Tata Chemicals saw 33-per cent profit growth in the first quarter even though volumes have shrunk in some sections of the fertiliser segment. Most of the soda ash units in India, the UK and the US have seen robust growth and expansion in margins, mainly on the back of reduction in input costs. The consumer business has also done well. Speaking to BTVI , Tata Chemicals Managing Director R Mukundan says the company remains positive on consumer, chemicals and farm businesses. The farm business will see a positive fillip with the arrival of the monsoon, he said. The company is also well prepared for any rise in energy costs as it hedges the fuel prices as soon as it gets orders, he said. Excerpts:

Can you take us through the highlights of the Q1 earnings, especially the underlying profit, price and volume growth?

If you look at the underlying growth on the revenue side, the volume has shrunk and revenues have come down mainly on account of the drop in fertiliser revenues. Other than fertiliser, other segments have either grown or remained stable.

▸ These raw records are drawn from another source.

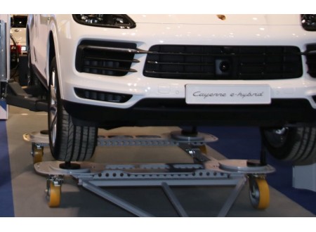 Der Carrier ist Dank Deichsel und leichtläufiger Gummibereifung werkstattgerecht zu manövrieren.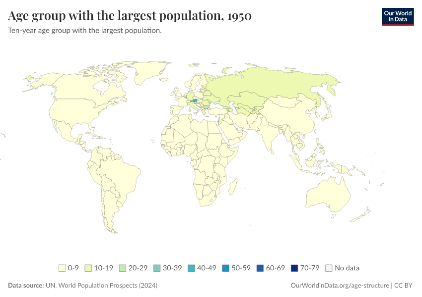 “Data Page: Ten year age-group with the highest population”. Our World in Data (2026). Data adapted from United Nations. Retrieved from https://data-populationgrowth-discre.owid.pages.dev:8789/20260225-014904/grapher/age-group-with-the-largest-population.html [online resource] (archived on February 25, 2026).How to cite this data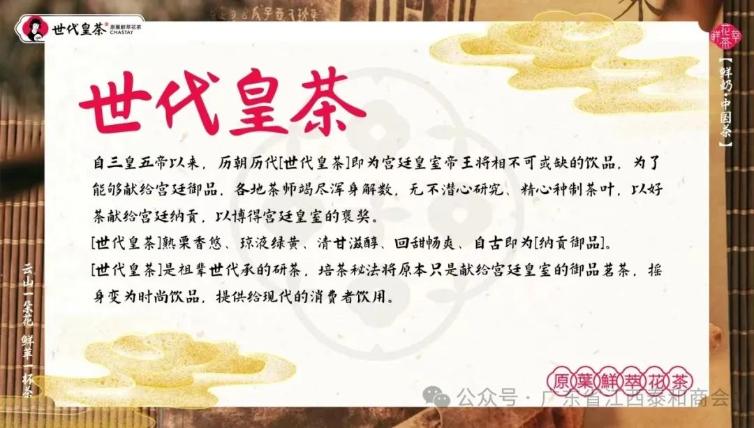常务副会长兼餐饮服务业联盟委员会主任委员、广东国饮管理有限公司董事长、世代皇茶品牌创始人张健雄到向现场媒体介绍到,本次战略启动会,是世代皇茶品牌发展历程中的一个重要里程碑。世代皇茶重新定义了品牌鲜活的人格,以原叶鲜萃花茶、鲜奶茶为核心发展方向的基础之上,从设计AI到产品定位、装修风格都有了翻天覆地的变化,并完美的将中国传统文化汉服等融合在了一起。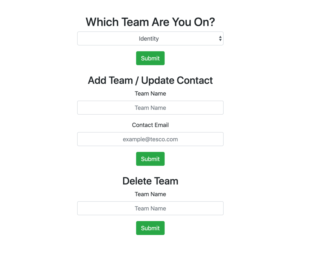 We also added the ability to add different URLs by team, and then only view the information for your team. Unlike in GitClub, I tried not to break how React usually works and stuck to only using one hook. This meant instead I used some logic to change what was shown on the page. The form to select team is actually at the same address as the page with the tables, I just set a variable flag to switch what was rendered.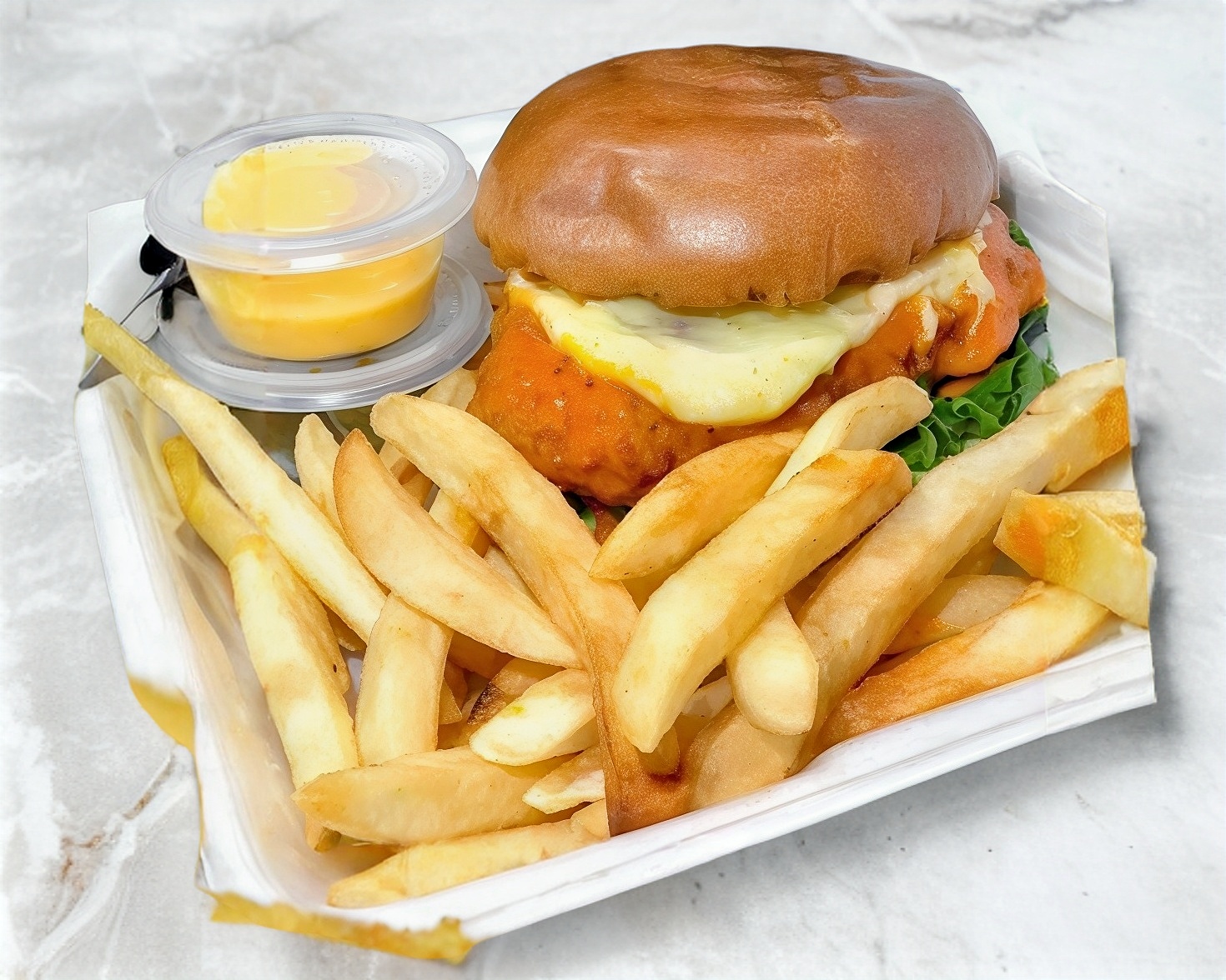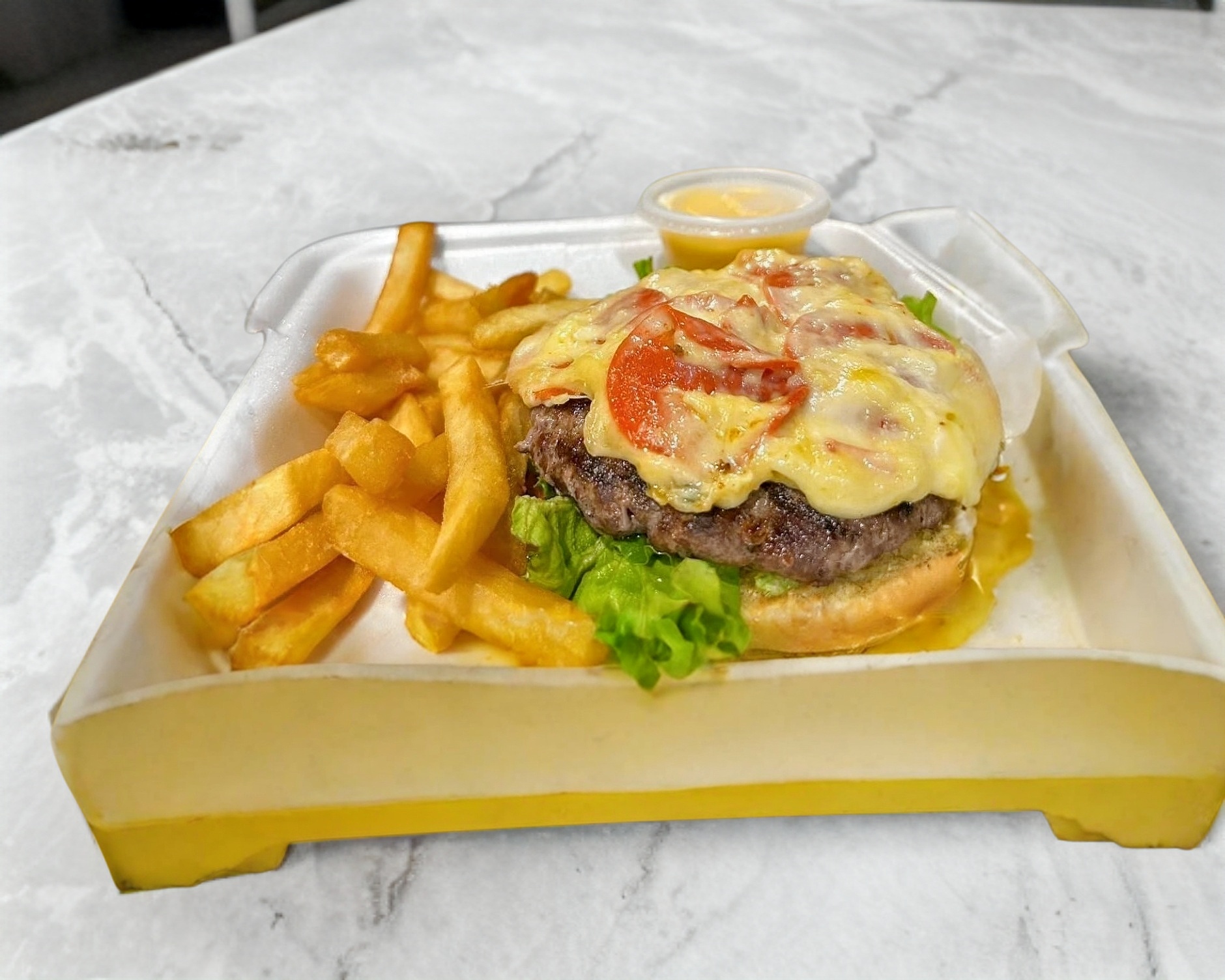 Mezcla de quesos fundidos, lechuga y aderezo. Además elaborada con pan brioche, acompañada de papas a la francesa, porción de chiles jalapeños por separado y queso amarillo liquido.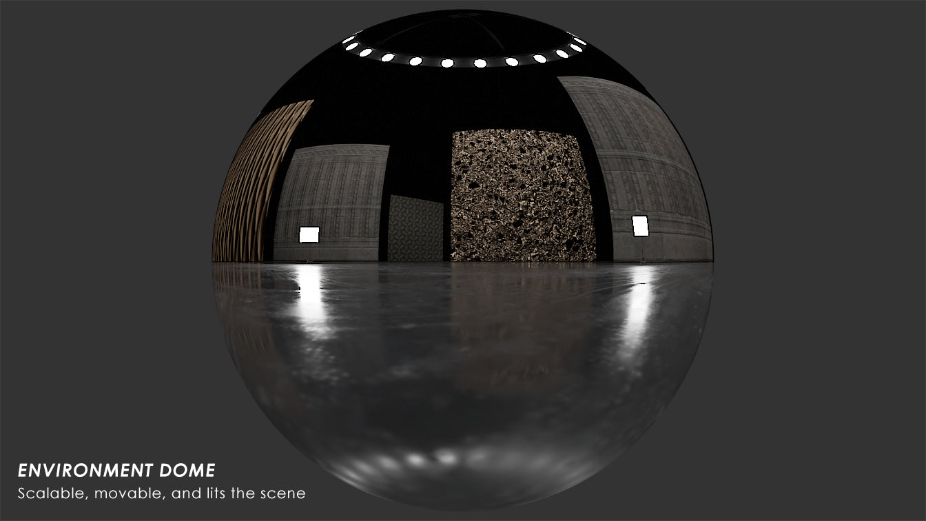 The design of this HDRI consists of a vast environment surrounded by panels shaded in dark, interesting materials. The contrast between textures and light makes this dome a perfect choice for character and product representation.

The fertiliser segment witnessed de-growth because of the 15 days of annual shut-down in our urea unit. In addition to that, we also shut our operations at Haldia for phosphate fertiliser because of sharp reduction in margins. The urea plant is fully operational now and phosphate plant is also scheduled to move on with the same strength, albeit with reduced margin structure. The increase in margins is because of the good performance of the consumer business and all our operating units in soda ash. They have seen robust growth and expansion in margins mainly on the back of improved performance in India, the UK and the US due to reduction in input costs. The UK unit has moved from negative to positive zone due to restructuring done in the recent past.

As far as soda ash is concerned, all our units are profitable today. On the consumer side, the business has grown in both salt, pulses and gram flour — pulses and gram flour has grown by 8 per cent. We remain positive on consumer, chemicals and farm businesses. .

What is the update on gas hedging. Is it profitable now? How is working capital matrix looking due to the delay in subsidy payment by th government?

The gas mark-to-market was negative last quarter. This quarter, it turned positive. So there is movement on that. As far as working capital is concerned, we are fairly comfortable except for the delayed subsidy payment of ₹1,478 crore.

What about the raw material tailwinds? They have helped you improve margins. But do you see the peak now?

In the last two quarters, we benefited from falling international prices of all energy inputs. That probably has tapered off and there could be periods of increase in terms of energy costs. However, we do hedge our input costs back-to-back the moment we book an order. So, we are well covered through our hedges on raw material inputs.

What about the capex plan and the outlook for FY17? What should investors expect on capital allocation among various businesses?

On a normal cycle, we have got most of the capital spends for maintenance capital and sustenance capital. In terms of growth needs of the business, we have very small capital allocated to expand our salt operations. Other than that, our growth areas remain the consumer and speciality businesses, which are not so capital intensive.